Top of Data listing
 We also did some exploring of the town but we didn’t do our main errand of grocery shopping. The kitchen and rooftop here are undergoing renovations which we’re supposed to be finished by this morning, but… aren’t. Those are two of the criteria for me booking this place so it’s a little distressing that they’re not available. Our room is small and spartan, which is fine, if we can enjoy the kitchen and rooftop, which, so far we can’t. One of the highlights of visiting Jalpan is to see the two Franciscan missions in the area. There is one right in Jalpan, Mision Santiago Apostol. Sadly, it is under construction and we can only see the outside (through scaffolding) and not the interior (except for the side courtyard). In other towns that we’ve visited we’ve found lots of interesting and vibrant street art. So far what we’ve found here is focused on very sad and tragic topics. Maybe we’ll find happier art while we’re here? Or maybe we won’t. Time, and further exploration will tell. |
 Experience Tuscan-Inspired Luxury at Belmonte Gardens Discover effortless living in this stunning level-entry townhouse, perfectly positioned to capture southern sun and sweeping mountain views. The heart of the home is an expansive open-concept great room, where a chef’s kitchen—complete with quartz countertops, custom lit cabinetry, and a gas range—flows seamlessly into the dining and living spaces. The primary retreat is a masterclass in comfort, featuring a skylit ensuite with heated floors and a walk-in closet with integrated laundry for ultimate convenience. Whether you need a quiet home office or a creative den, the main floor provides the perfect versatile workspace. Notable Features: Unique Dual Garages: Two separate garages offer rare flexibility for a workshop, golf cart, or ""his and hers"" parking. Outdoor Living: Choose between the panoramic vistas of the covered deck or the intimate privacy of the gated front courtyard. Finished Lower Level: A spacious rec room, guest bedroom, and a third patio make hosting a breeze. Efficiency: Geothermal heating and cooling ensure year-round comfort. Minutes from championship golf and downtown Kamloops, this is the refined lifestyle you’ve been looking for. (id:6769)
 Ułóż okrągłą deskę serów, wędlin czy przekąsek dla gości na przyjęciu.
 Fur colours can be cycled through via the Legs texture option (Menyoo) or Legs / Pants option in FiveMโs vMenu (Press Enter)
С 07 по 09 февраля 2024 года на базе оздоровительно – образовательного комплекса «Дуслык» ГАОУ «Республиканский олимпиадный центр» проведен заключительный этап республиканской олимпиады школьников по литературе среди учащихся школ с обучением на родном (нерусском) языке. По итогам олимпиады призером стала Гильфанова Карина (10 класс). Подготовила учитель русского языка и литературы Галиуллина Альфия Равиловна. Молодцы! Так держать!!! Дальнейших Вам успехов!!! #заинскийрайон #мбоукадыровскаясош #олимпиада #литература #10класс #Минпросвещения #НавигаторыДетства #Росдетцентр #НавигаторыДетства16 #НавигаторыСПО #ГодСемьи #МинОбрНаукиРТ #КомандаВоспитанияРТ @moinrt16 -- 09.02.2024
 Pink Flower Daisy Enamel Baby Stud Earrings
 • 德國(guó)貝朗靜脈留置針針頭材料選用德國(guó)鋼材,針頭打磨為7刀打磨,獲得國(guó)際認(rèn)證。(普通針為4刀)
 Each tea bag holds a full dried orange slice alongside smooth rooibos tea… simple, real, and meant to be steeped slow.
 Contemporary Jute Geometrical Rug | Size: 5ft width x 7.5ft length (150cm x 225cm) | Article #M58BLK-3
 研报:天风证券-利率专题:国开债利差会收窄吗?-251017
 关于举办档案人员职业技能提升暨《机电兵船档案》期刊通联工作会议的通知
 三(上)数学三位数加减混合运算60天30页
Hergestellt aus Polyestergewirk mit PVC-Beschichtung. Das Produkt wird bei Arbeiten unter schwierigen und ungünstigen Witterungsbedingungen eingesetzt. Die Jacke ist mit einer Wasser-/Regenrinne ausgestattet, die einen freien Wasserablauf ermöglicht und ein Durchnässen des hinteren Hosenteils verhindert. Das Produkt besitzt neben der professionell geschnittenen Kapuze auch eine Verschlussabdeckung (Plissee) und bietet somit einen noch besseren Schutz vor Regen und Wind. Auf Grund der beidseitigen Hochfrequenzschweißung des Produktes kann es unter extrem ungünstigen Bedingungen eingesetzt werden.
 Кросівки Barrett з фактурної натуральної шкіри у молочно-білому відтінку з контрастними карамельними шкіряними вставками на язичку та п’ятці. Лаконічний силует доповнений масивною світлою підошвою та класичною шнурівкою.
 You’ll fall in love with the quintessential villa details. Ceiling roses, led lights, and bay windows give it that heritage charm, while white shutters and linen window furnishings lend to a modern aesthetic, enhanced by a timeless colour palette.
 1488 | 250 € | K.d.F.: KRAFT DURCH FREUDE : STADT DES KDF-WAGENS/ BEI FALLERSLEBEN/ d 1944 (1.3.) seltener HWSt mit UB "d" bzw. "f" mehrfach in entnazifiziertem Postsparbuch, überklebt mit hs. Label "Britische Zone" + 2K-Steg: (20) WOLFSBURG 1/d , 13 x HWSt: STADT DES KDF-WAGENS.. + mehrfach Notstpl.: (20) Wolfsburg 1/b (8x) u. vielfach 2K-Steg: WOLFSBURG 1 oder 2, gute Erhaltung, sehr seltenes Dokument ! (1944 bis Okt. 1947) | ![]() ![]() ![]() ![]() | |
Bottom of Data listing
Exercise description
Return only the lines between the one holding "Each tea bag" and the one holding "三(上)数学三位数加减混合运算60天30页", inclusive, exactly as they appear above.

Exercise response
 Each tea bag holds a full dried orange slice alongside smooth rooibos tea… simple, real, and meant to be steeped slow.
 Contemporary Jute Geometrical Rug | Size: 5ft width x 7.5ft length (150cm x 225cm) | Article #M58BLK-3
 研报:天风证券-利率专题:国开债利差会收窄吗?-251017
 关于举办档案人员职业技能提升暨《机电兵船档案》期刊通联工作会议的通知
 三(上)数学三位数加减混合运算60天30页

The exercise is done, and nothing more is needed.